Magnetic poles may be subjected to current drift

Jun 22, 2009 08:42 GMT  ·  By

Gregory Ryskin, a physicist and researcher at the Northwestern University, is part of a growing group of researchers who are currently advocating the hypothesis that the magnetic poles of the planet are actually being pushed around by oceanic currents. When this idea first appeared, a large controversy ensued, and it continues to this day, but the number of researchers that has come to consider this theory to be true has increased several times over since that time.

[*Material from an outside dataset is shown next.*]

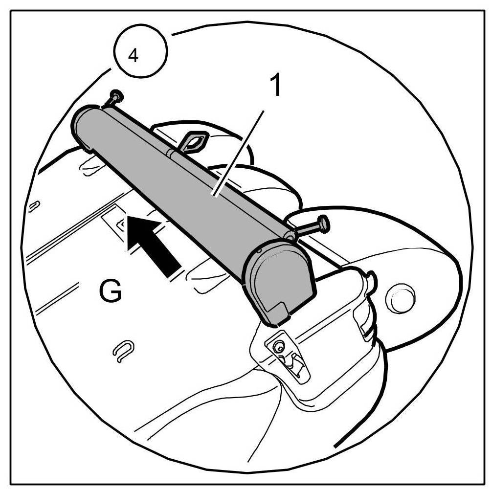 7. Push on retaining clips -6- - the springs -arrows- must be pointing left, to the centre of the vehicle.

Most geophysicists believe that the locations and movements of the planet's magnetic poles, which are significantly different – as far as locations go – from the geographical ones, are determined by the influence of the planet's molten core, and also by the streams of magma moving under the Earth's crust. While some researchers believe that the idea is entirely stupid, to say the least, others consider that at least it's worth investigating, NewScientist reports. Ryskin believes that the oceanic currents may be carrying the magnetic fields along weak magnetic lines that they themselves generate.

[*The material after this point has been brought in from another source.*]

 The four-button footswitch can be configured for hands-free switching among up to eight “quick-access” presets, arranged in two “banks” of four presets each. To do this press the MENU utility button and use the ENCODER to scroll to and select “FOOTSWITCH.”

“The oceans almost certainly slightly modify the geomagnetic field observed at the surface due to electric currents flowing within the Earth and in the ionosphere. Geophysicists would be in Ryskin's debt if he could improve on what others have already done. I wish him well,” Imperial College London (ICL) Geophysicist Raymond Hide said. Not everyone considers the work that Ryskin and others are doing a complete waste of time, and supporters say that it may be in science's best interest to analyze all the options of explaining a complex phenomenon such as the magnetic pole migration.

In his research, Ryskin was able to prove that the areas on the globe where the movements of the magnetic field were the strongest corresponded to the same places where the oceanic currents were strongest too. In addition, the researcher believes that, as oceanic water flows, it generates weak electric currents inside the planet's magnetic fields, which could, in turn, create secondary “oceanic” magnetic fields. He has also included these numbers in his calculations.